Task brief: Retype, exactly as they stand, the lines from the start of the data to the line that contains "會(huì)上,金潔董事長向", both ends included. Leave the pictures out.

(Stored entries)
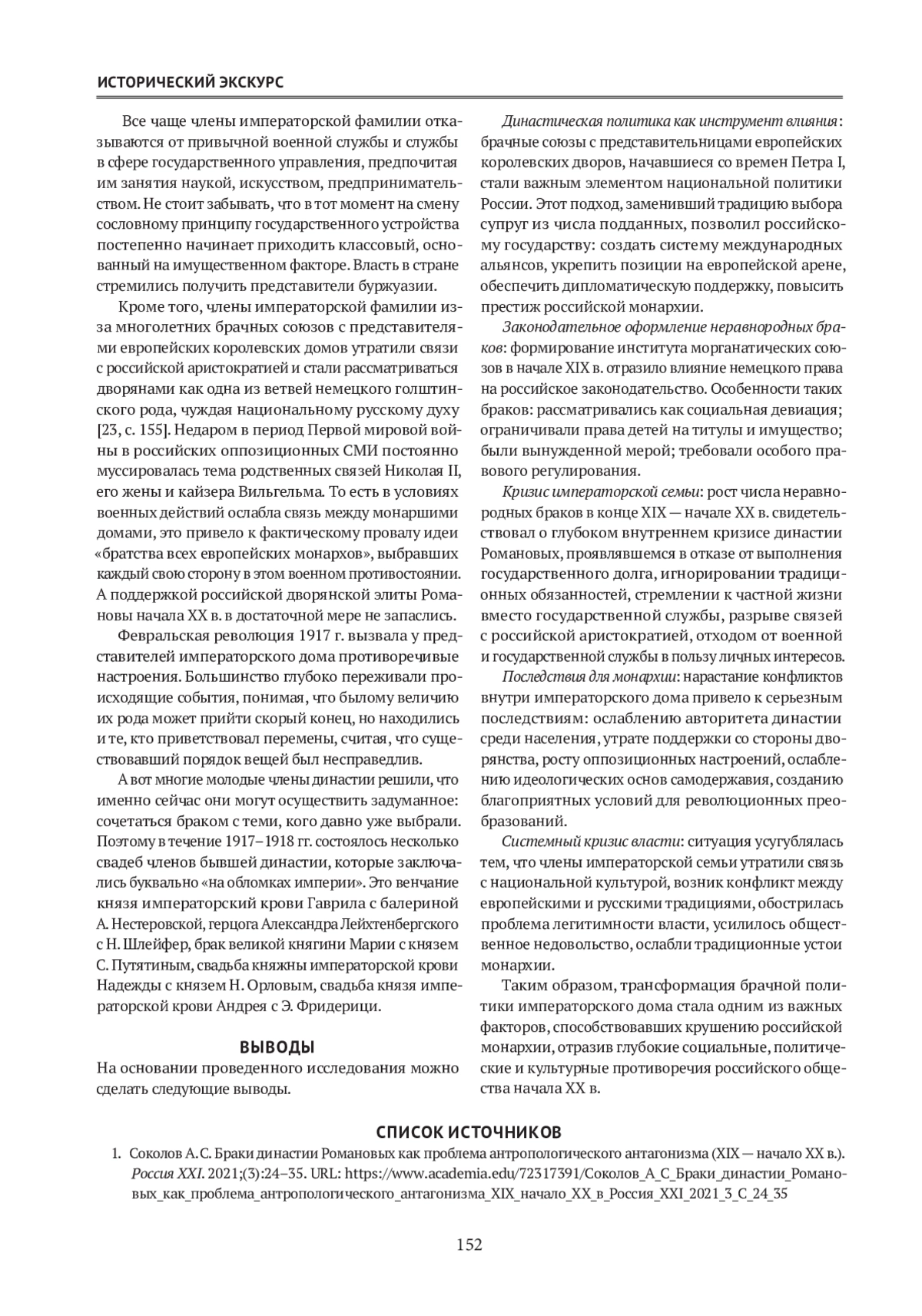 1. СоколовА.С.Браки династии Романовых как проблема антропологического антагонизма (XIX - начало XX в.). Россия XXI. 2021;(3):24-35. URL: https://www.academia.edu/72317391/Соколов_А_С_Браки_династии_Романовых_как_проблема_антропологического_антагонизма_XIX_начало_XX_в_Россия_XXI_2021_3_С_24_35
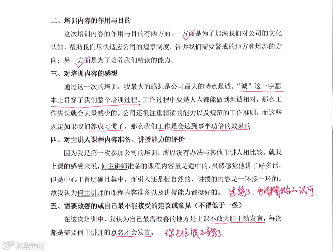 1. 作为一个新入职的成员,能严格按照“会培考”的要求来写总结,是很好的纪律性和个人能力的体现,完美的体现了培训中所希望达到的目的/目标。
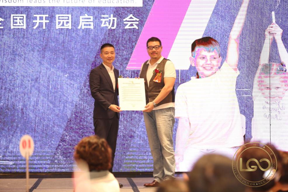 會(huì)上,金潔董事長向《爸爸快長大》中宋大楠的扮演者馮粒先生頒發(fā)了“愛心大使”委任狀,宣布成立家長學(xué)院。馮粒先生作為小金桔China Basics首位“愛心大使”,鼓勵(lì)社會(huì)各界力量積極參與,提倡科學(xué)育兒,積極探索中國文化的傳承,實(shí)現(xiàn)“中國夢(mèng)”走出去。
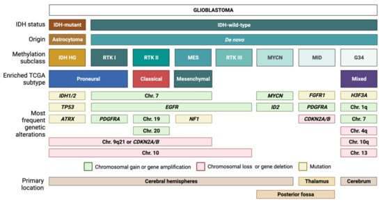 IDH-wt GBM is defined by its heterogeneous molecular landscape [,,,,,,,,,]. Two landmark studies have subclassified IDH-wt GBM based on genetic, epigenetic, and transcriptomic features. Utilizing samples from The Cancer Genome Atlas (TCGA) network, Verhaak et al. described four different subtypes of IDH-wt GBM: classical (CL), mesenchymal (MES), proneural (PN), and neural (NE) []. The NE subtype has since been discarded, as later findings determined this group to be non-tumor specific []. Using another approach, Sturm et al. classified IDH-wt GBM into five epigenetic groups on the basis of DNA methylation patterns []. These groups have been further modified and expanded by Capper et al. [] into seven methylation subclasses, each defined by a distinct set of molecular alterations [,,] (Figure 1). Three of the most common methylation subclasses among adult patients—RTK I, RTK II, MES—are enriched for the PN, CL, and MES Verhaak expression profiles, respectively []. These tumor entities typically exhibit chromosome 7 gain (with or without epidermal growth factor receptor or EGFR amplification), as well as loss of chromosomes 9q21 and 10 [,,]. Despite sharing common chromosomal alterations, these groups can be further differentiated by subclass-specific changes: platelet-derived growth factor receptor α (PDGFRA) amplification in RTK I, gain of chromosomes 19 and 20 in RTK II, and neurofibromin 1 (NF1) mutations in MES tumors [,,].
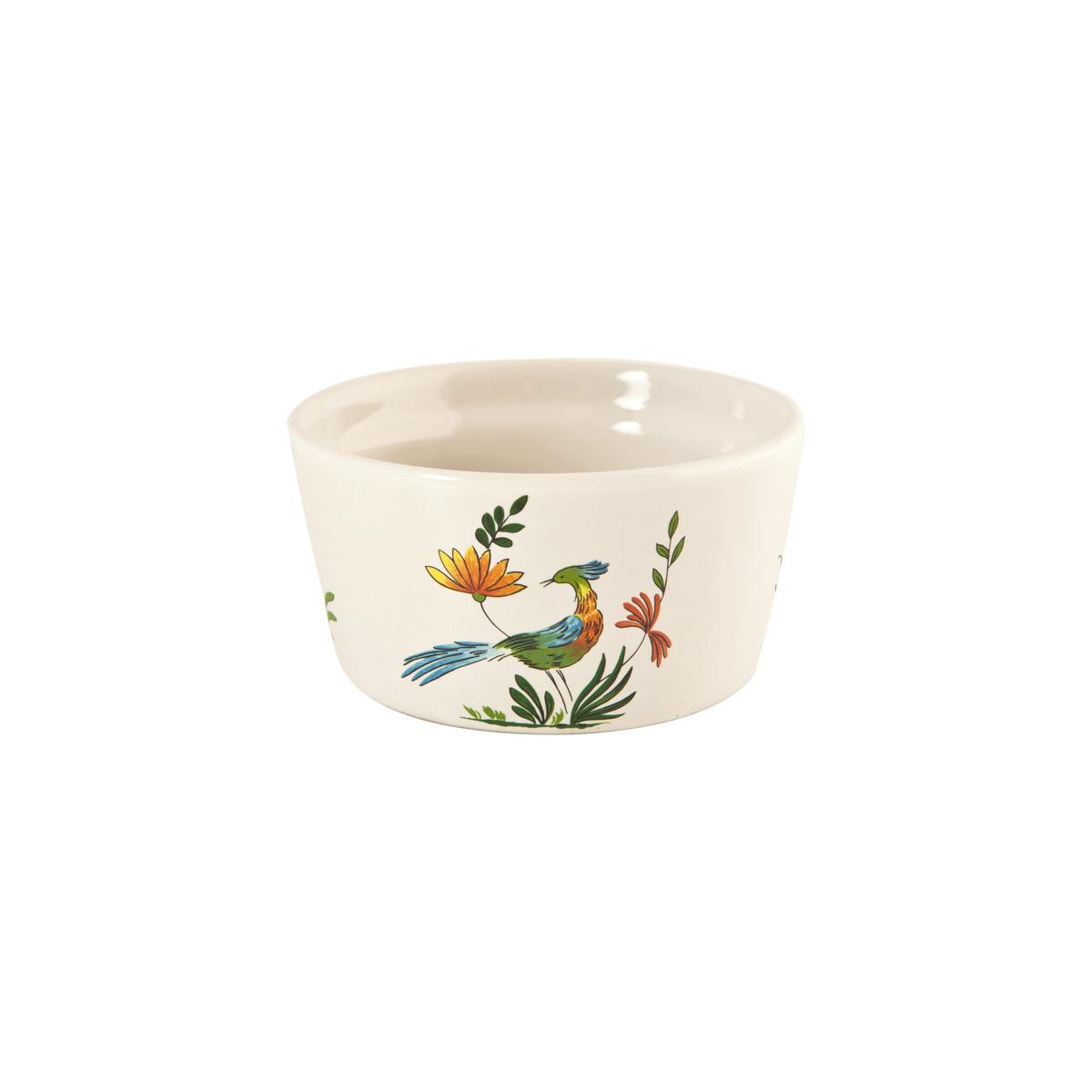 Einen eleganten Rahmen für diesen exotischen Garten formt der sanft geschwungene wellenförmige Rand der Teller und Schüsseln "Oiseaux de Paradis". Um dessen anmutige Geometrie zu betonen, verzieren die Kunsthandwerker aus Gien an der Loire diese Linie mit einem schmalen blauen Rand. Klassischer Landhausstil mit einem Hauch Exotik.
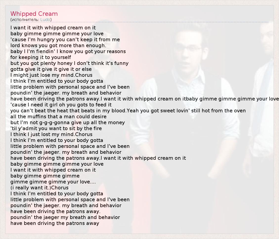I want it with whipped cream on it baby gimme gimme gimme your love 'cause I'm hungry you can't keep it from me lord knows you got more than enough. baby I I'm fiendin' I know you got your reasons for keeping it to yourself but you got plenty honey I don't think it's funny gotta give it give it give it or else I might just lose my mind.Chorus I think I'm entitled to your body gotta little problem with personal space and I've been poundin' the jaeger. my breath and behavior have been driving the patrons away.I want it with whipped cream on itbaby gimme gimme gimme your love 'cause I need it girl oh you gots to feed it you can't beat the heat that beats in my blood.Yeah you got sweet lovin' still hot from the oven all the muffins that a man could desire but I'm not g-g-g-gonna give up all the money 'til y'admit you want to sit by the fire I think I just lost my mind.Chorus I think I'm entitled to your body gotta little problem with personal space and I've been poundin' the jaeger. my breath and behavior have been driving the patrons away.I want it with whipped cream on it baby gimme gimme gimme your love I want it with whipped cream on it baby gimme gimme gimme gimme gimme gimme your love.... (i really want it.)Chorus I think I'm entitled to your body gotta little problem with personal space and I've been poundin' the jaeger. my breath and behavior have been driving the patrons away. poundin' the jaeger my breath and behavior have been driving the patrons away
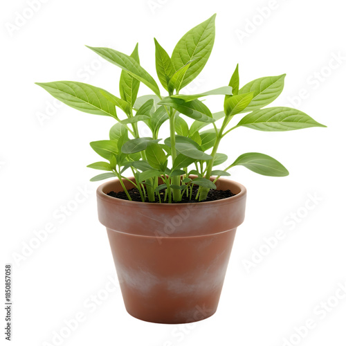 Healthy green plant growing in a rustic terracotta pot showcasing lush foliage
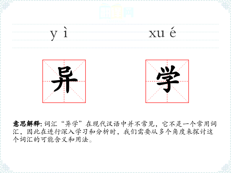 词汇“异学”在现代汉语中并不常见,它不是一个常用词汇,因此在进行深入学*和分析时,我们需要从多个角度来探讨这个词汇的可能含义和用法。
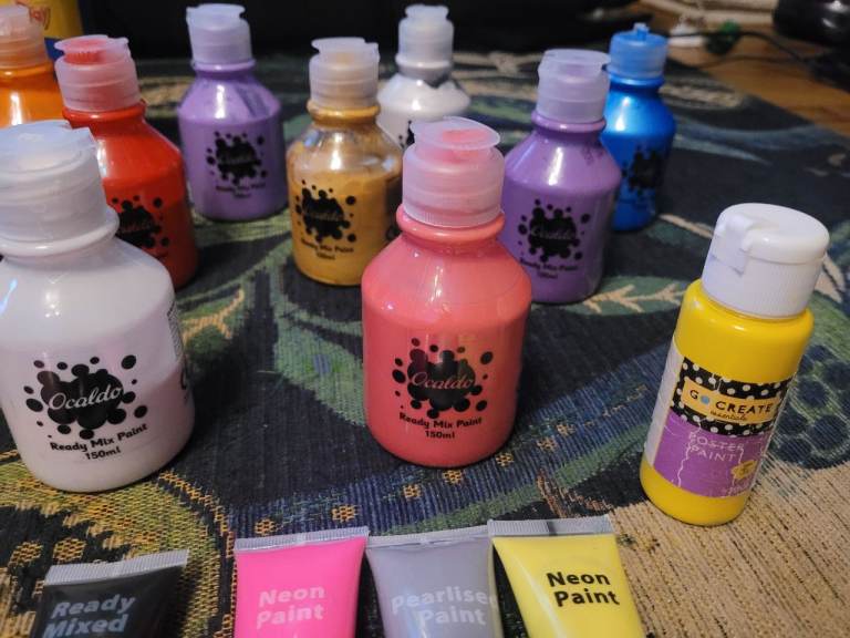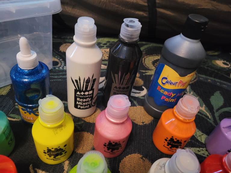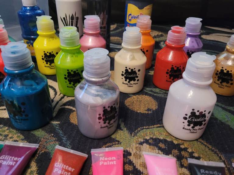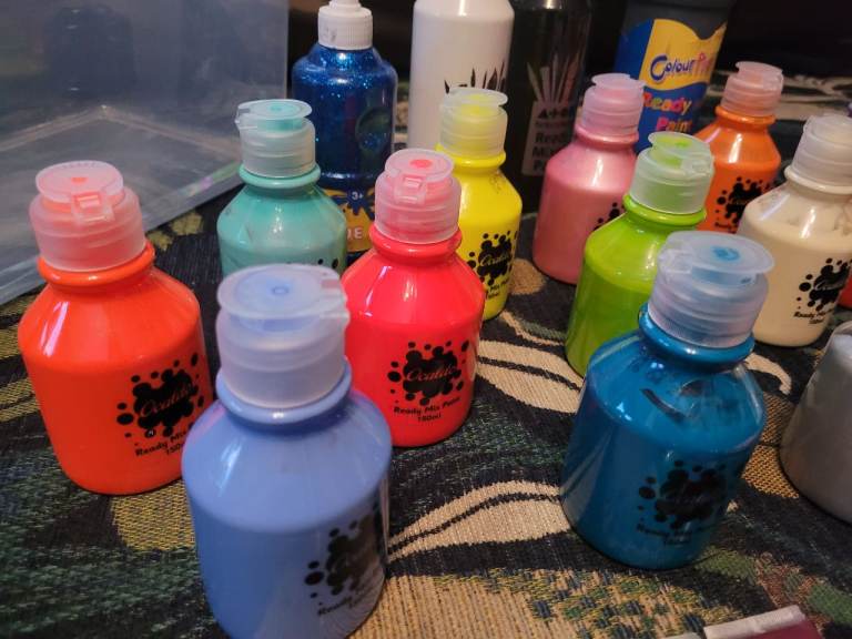A selection of 25 bottles of ready mixed paint,most bottles full or 3/4 full.
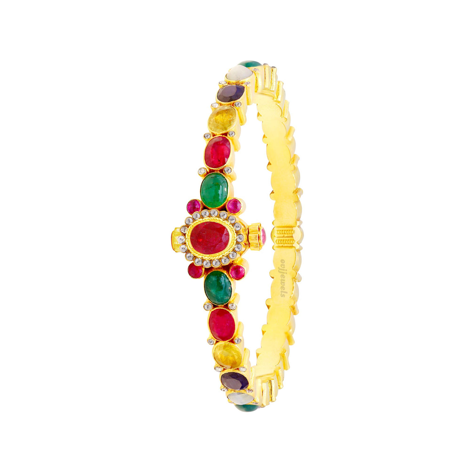 This golden is embossed with navarathna stones in a grand decorative paisley pattern.
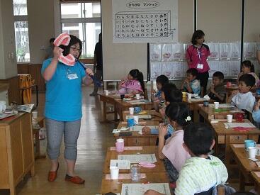 絵や歯の模型を使ってとても分かりやすく、1年生は一生懸命きれいに磨こうとしていました。
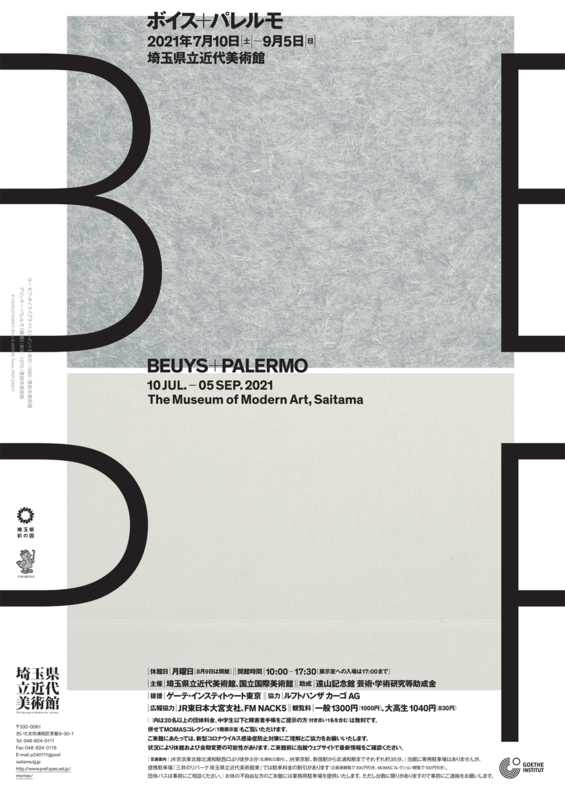 第二次世界大戦以降の最も重要な芸術家のひとり、ヨーゼフ・ボイス(1921-1986)。彼は「ほんとうの資本とは人の持つ創造性である」と語り、ひろく社会を彫刻ととらえ社会全体の変革を企てました。本展では60年代の最重要作品である《ユーラシアの杖》をはじめ、脂肪やフェルトを用いた作品、「アクション」の映像やドローイングなど、彼の作品の造形的な力と芸術的実践にあらためて着目します。 ボイスは教育者として多くの芸術家を育成したことでも知られています。ブリンキー・パレルモ(1943-1977)もその教え子のひとりです。この早世の画家が60年代半ばからの短い活動期間に残したささやかで抽象的な作品は、絵画の構成要素を再構築しながら、色彩やかたちの体験をとおして私たちの認識や社会的な制度に静かな揺らぎをもたらそうとするものでした。 一見対照的な二人のドイツ人作家の作品は、しかし、ボイスがのちにパレルモを自身にもっとも近い表現者だったと認めたように、芸術を生の営みへと取り戻そうと試みた点で共通していました。両者の1960—70年代の作品を中心に構成される本展は、約10年ぶりとなる日本でのボイス展であり、公立美術館としては初めてのパレルモ展です。 二人の作家それぞれの特徴をうかがいながら、両者の交わりや重なりに彼らの実践の潜勢力を探る本展が、社会と芸術のかかわりについてあらためて問いかけ、芸術の営為とはなにかを見つめなおす機会となることを願います。
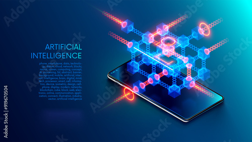 Wall mural : Phone with abstraction data blocks hanging over screen - neural network or cloud computing concept on
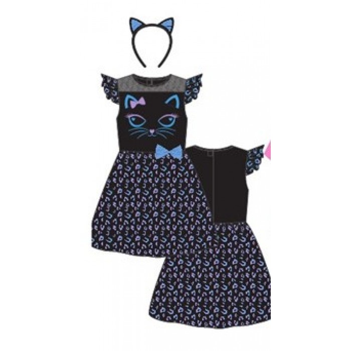 KID SIZE BLACK CAT WITH PRINT DRESS COSTUME
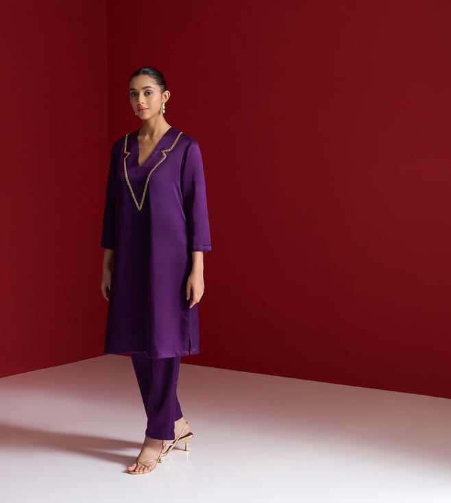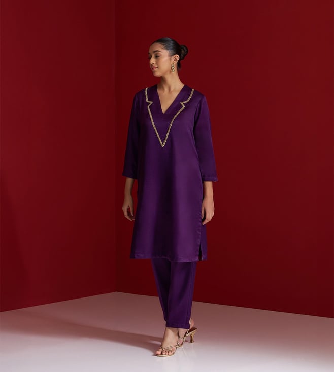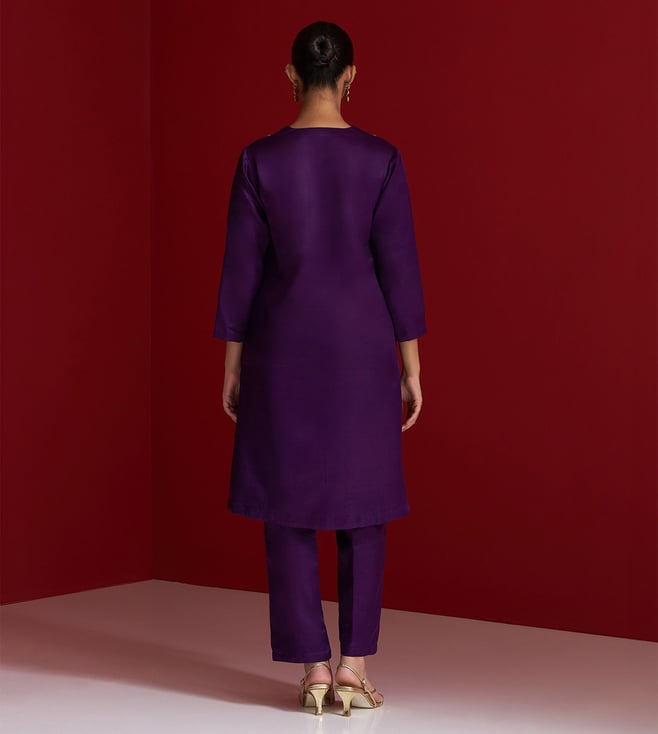 Royal Purple Gajji Silk Regular Fit Kurta With Pants
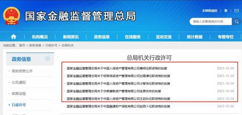 又一批保险资管公司高管任职资格获批,标志着保险资管行业迎来新一轮人事调整。10月24日下午,国家金融监管总局网站公示,黄明获批担任中国人保资产管理有限公司(简称“人保资产”)副总经理,才智伟获批担任人保资产董事,王廷科获批担任人保资产董事长,同时,刘霄潇获批担任招商信诺资产管理有限公司(简称“招商信诺资管”)副总经理。

Solution for this task:
 1. СоколовА.С.Браки династии Романовых как проблема антропологического антагонизма (XIX - начало XX в.). Россия XXI. 2021;(3):24-35. URL: https://www.academia.edu/72317391/Соколов_А_С_Браки_династии_Романовых_как_проблема_антропологического_антагонизма_XIX_начало_XX_в_Россия_XXI_2021_3_С_24_35
 1. 作为一个新入职的成员,能严格按照“会培考”的要求来写总结,是很好的纪律性和个人能力的体现,完美的体现了培训中所希望达到的目的/目标。
 會(huì)上,金潔董事長向《爸爸快長大》中宋大楠的扮演者馮粒先生頒發(fā)了“愛心大使”委任狀,宣布成立家長學(xué)院。馮粒先生作為小金桔China Basics首位“愛心大使”,鼓勵(lì)社會(huì)各界力量積極參與,提倡科學(xué)育兒,積極探索中國文化的傳承,實(shí)現(xiàn)“中國夢(mèng)”走出去。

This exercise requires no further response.